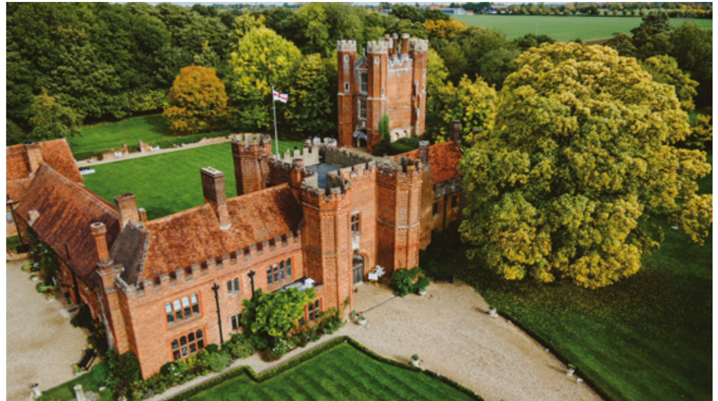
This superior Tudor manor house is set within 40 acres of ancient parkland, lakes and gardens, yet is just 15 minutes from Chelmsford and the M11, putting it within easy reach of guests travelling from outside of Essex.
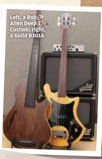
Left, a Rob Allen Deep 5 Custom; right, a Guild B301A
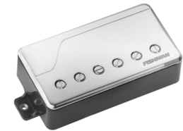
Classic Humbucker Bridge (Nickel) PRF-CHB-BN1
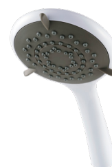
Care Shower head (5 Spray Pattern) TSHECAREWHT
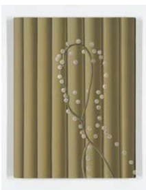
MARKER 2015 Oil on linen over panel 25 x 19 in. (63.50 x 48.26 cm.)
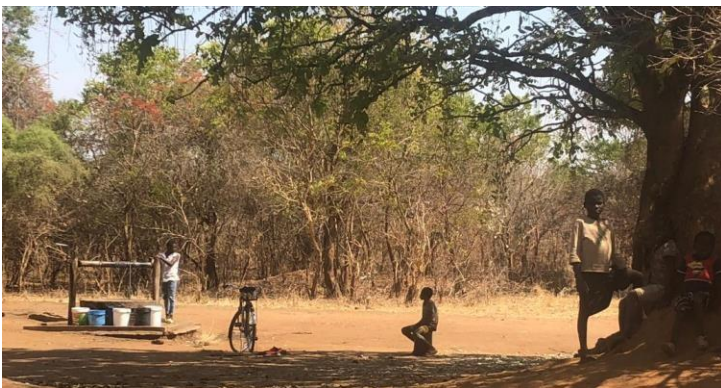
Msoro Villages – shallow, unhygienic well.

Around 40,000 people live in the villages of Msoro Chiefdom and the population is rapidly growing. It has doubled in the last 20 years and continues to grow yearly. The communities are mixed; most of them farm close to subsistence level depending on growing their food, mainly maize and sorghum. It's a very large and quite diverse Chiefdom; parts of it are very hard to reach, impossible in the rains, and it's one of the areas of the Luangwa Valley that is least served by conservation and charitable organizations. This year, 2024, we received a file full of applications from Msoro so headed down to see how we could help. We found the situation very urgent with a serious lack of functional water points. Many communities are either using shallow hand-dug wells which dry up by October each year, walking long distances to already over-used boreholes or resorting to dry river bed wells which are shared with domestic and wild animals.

:::

**WHAT YOU NEED TO DO**
Return the material word for word, images omitted.

**SOLUTION TO THE EXERCISE**
This superior Tudor manor house is set within 40 acres of ancient parkland, lakes and gardens, yet is just 15 minutes from Chelmsford and the M11, putting it within easy reach of guests travelling from outside of Essex.
Left, a Rob Allen Deep 5 Custom; right, a Guild B301A
Classic Humbucker Bridge (Nickel) PRF-CHB-BN1
Care Shower head (5 Spray Pattern) TSHECAREWHT
MARKER 2015 Oil on linen over panel 25 x 19 in. (63.50 x 48.26 cm.)
Msoro Villages – shallow, unhygienic well.

Around 40,000 people live in the villages of Msoro Chiefdom and the population is rapidly growing. It has doubled in the last 20 years and continues to grow yearly. The communities are mixed; most of them farm close to subsistence level depending on growing their food, mainly maize and sorghum. It's a very large and quite diverse Chiefdom; parts of it are very hard to reach, impossible in the rains, and it's one of the areas of the Luangwa Valley that is least served by conservation and charitable organizations. This year, 2024, we received a file full of applications from Msoro so headed down to see how we could help. We found the situation very urgent with a serious lack of functional water points. Many communities are either using shallow hand-dug wells which dry up by October each year, walking long distances to already over-used boreholes or resorting to dry river bed wells which are shared with domestic and wild animals.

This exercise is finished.